Collected data entries
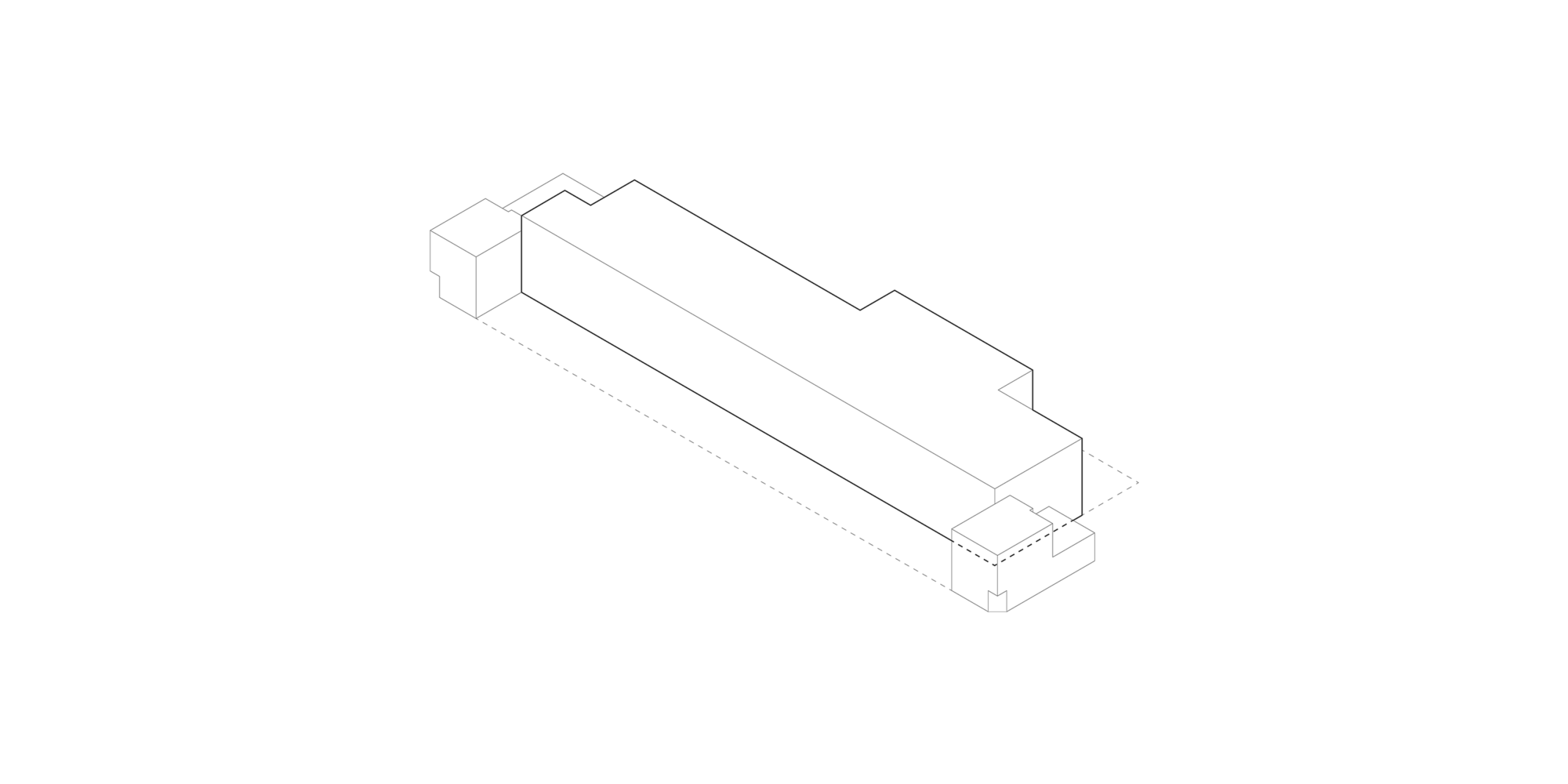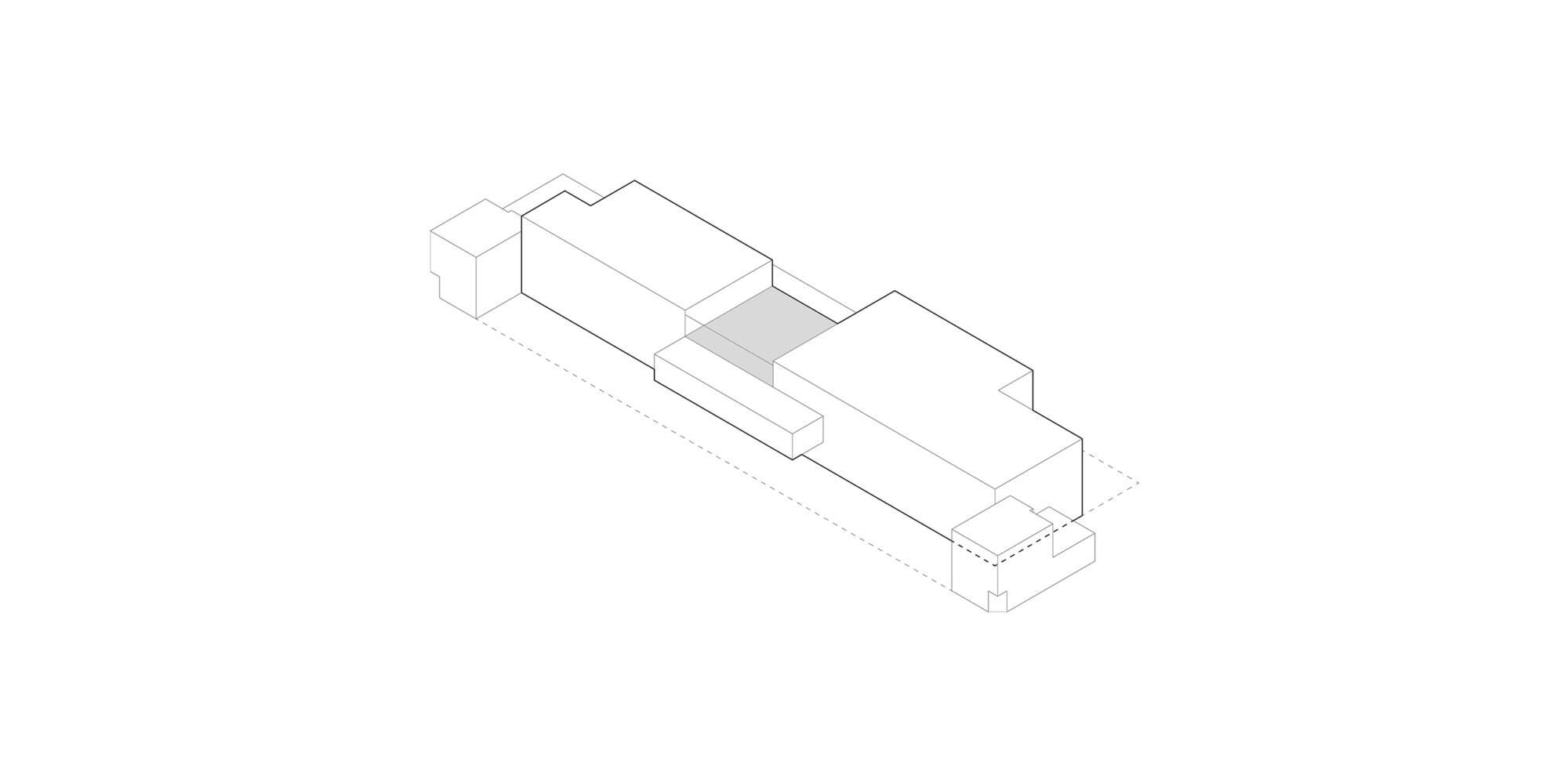 De locatie voor de wijkschool was vrij ondiep en langgerecht. Aan weerszijden grenst het perceel aan twee identieke historische bouwvolumes, die we graag als hoekstenen binnen de planvorming wilden behouden. Uiteindelijk bleek de locatie te krap om voor alle groepen op de begane grond buitenspeelruimte te maken én te voorzien in parkeervoorzieningen voor auto’s en fietsen. Zo is de beschikbare buitenspeelruimte op maaiveld gereserveerd voor de onderbouw en is de speelruimte voor de midden- en bovenbouw naar het dak verplaatst. Om de speelruimte op het dak te kunnen realiseren is een deel van het programma uit het volume genomen en als uitkraging aan de voorzijde teruggeplaatst.
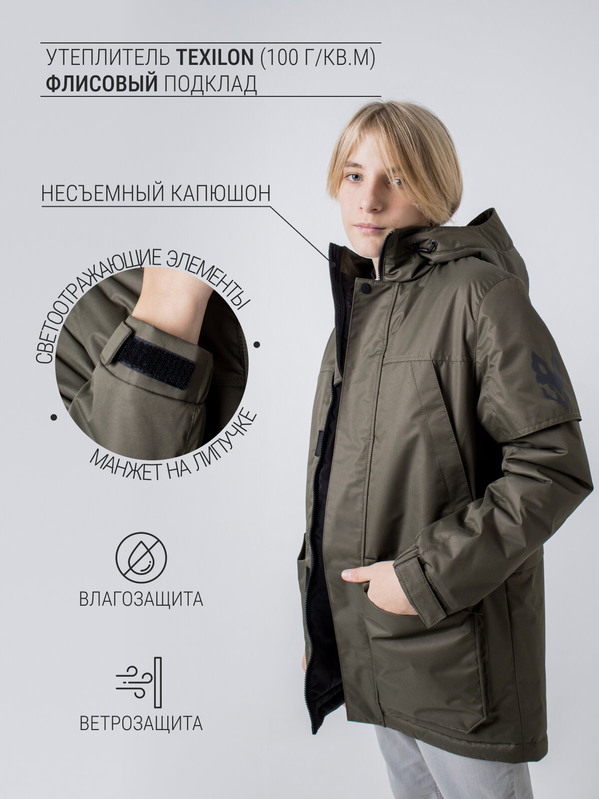Парка демисезонная утепленная подростковая хаки 146 информация:
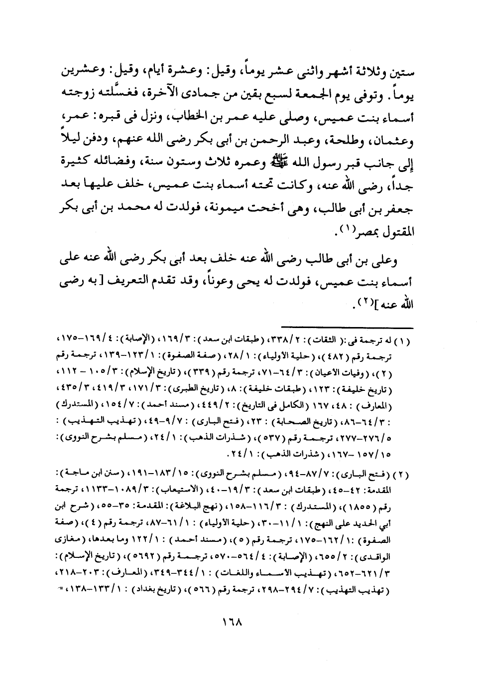 [ (1) ] له ترجمة في: (الثقات) : 2/ 338، (طبقات ابن سعد) : 3/ 169، (الإصابة) : 4/ 169- 175، ترجمة رقم (482) ، (حلية الأولياء) : 1/ 28، (صفة الصفوة) : 1/ 123- 139، ترجمة رقم (2) ، (وفيات الأعيان) : 3/ 64- 71، ترجمة رقم (339) ، (تاريخ الإسلام) : 3/ 105- 112، (تاريخ خليفة) : 123، (طبقات خليفة) : 8، (تاريخ الطبري) : 3/ 171، 3/ 419، 3/ 435، (المعارف) : 48، 167 (الكامل في التاريخ) : 2/ 449، (مسند أحمد) : 7/ 154، (المستدرك) : 3/ 64- 86، (تاريخ الصحابة) : 23، (فتح الباري) : 7/ 9- 49، (تهذيب التهذيب) :
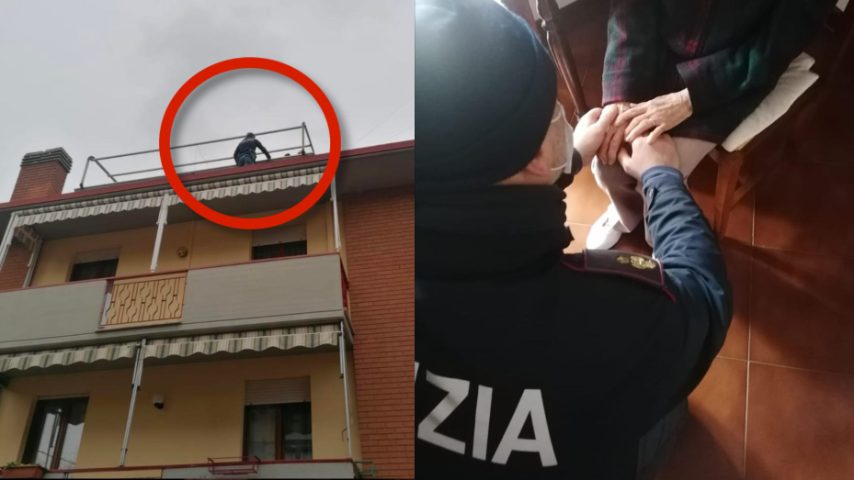 Donna vuole lanciarsi dal terrazzo, poliziotti le parlano e la abbracciano salvandole la vita
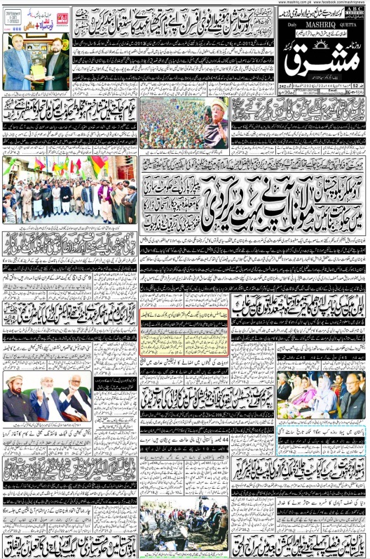 Daily Mashriq Quetta. 22-02-2024 – Daily Mashriq Newspaper Quetta

**INSTRUCTIONS FOR THE TASK:**
Would you set down every line of the data above exactly, skipping the pictures?

**RESULT OF THIS TASK:**
 De locatie voor de wijkschool was vrij ondiep en langgerecht. Aan weerszijden grenst het perceel aan twee identieke historische bouwvolumes, die we graag als hoekstenen binnen de planvorming wilden behouden. Uiteindelijk bleek de locatie te krap om voor alle groepen op de begane grond buitenspeelruimte te maken én te voorzien in parkeervoorzieningen voor auto’s en fietsen. Zo is de beschikbare buitenspeelruimte op maaiveld gereserveerd voor de onderbouw en is de speelruimte voor de midden- en bovenbouw naar het dak verplaatst. Om de speelruimte op het dak te kunnen realiseren is een deel van het programma uit het volume genomen en als uitkraging aan de voorzijde teruggeplaatst.
Парка демисезонная утепленная подростковая хаки 146 информация:
 [ (1) ] له ترجمة في: (الثقات) : 2/ 338، (طبقات ابن سعد) : 3/ 169، (الإصابة) : 4/ 169- 175، ترجمة رقم (482) ، (حلية الأولياء) : 1/ 28، (صفة الصفوة) : 1/ 123- 139، ترجمة رقم (2) ، (وفيات الأعيان) : 3/ 64- 71، ترجمة رقم (339) ، (تاريخ الإسلام) : 3/ 105- 112، (تاريخ خليفة) : 123، (طبقات خليفة) : 8، (تاريخ الطبري) : 3/ 171، 3/ 419، 3/ 435، (المعارف) : 48، 167 (الكامل في التاريخ) : 2/ 449، (مسند أحمد) : 7/ 154، (المستدرك) : 3/ 64- 86، (تاريخ الصحابة) : 23، (فتح الباري) : 7/ 9- 49، (تهذيب التهذيب) :
 Donna vuole lanciarsi dal terrazzo, poliziotti le parlano e la abbracciano salvandole la vita
 Daily Mashriq Quetta. 22-02-2024 – Daily Mashriq Newspaper Quetta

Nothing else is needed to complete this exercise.